The Q4FY23 GDP data sprung a pleasant surprise taking the FY23 growth rate to 7.2 percent and with this several brokerages have upgraded their GDP forecast for FY24.
Economists too are pointing to several tailwinds for growth this fiscal. They believe capital expansion has started to take off and that corporate and bank balance sheets being in much better shape will allow some risk taking.
Meanwhile, the newly elected President of Confederation of Indian Industry (CII) R Dinesh also expects growth rate to hit 7.5 percent in FY24.
Speaking to exclusively to CNBC-TV18, Dinesh said the government’s transformational reforms and balance sheets of banks and companies being in better shape will allow India to hit 7.5 percent GDP growth in FY24.
He expects private sector capex to pick up as capacity utilisation across all sectors has crossed 75 percent.
Below are the excerpts from the interview.
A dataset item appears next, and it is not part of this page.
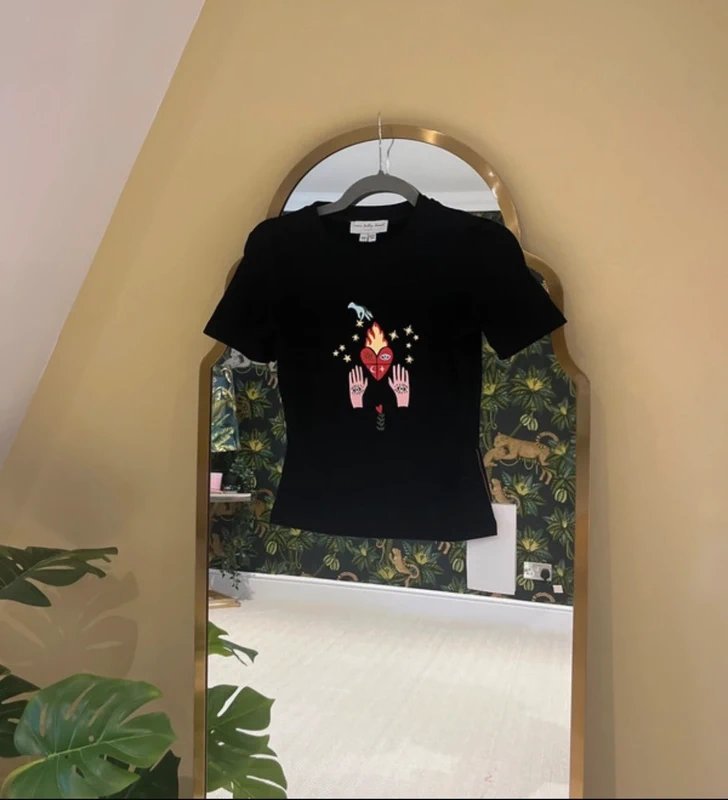 The Never Fully Dressed Embroidered T-shirt in Black is available in sizes S.

Q: You are taking over at a time when things are looking good both at the macro front as well as at the micro front. What do you feel most confident about in terms of the tailwinds?
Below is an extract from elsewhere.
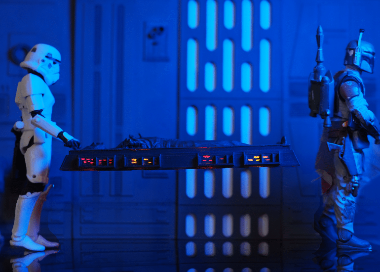 Han Solo in Karbonit eingefroren, auf dem Weg zu Boba Fetts Schiff

A: If I look at it from the economic perspective, the fact is that maybe India has really become the island of growth. More than 15 percent of the global economy’s growth is going to come from India.
Reasons for us being more than comfortable is the fact that we see good expenditure on the infrastructure leading to a virtuous cycle. That cycle is increasing domestic demand and that also attracts foreign investment to come in or Indian investment to happen and that again perpetuates a cycle of allowing opportunities to export which leads to good growth for all of us.
Second is, balance sheet of companies as well as the banks are much better than before. If you look at the various opportunities which are happening from the global economy, I think all of it is playing to our favour.
Also the way in which the government has done transformational reforms, I think that has attracted interest from all over the world. Where ever we have been meeting investors or potential investors into India, we have heard great interest in looking at this and that is what gives us the confidence that we can hit this rate of growth.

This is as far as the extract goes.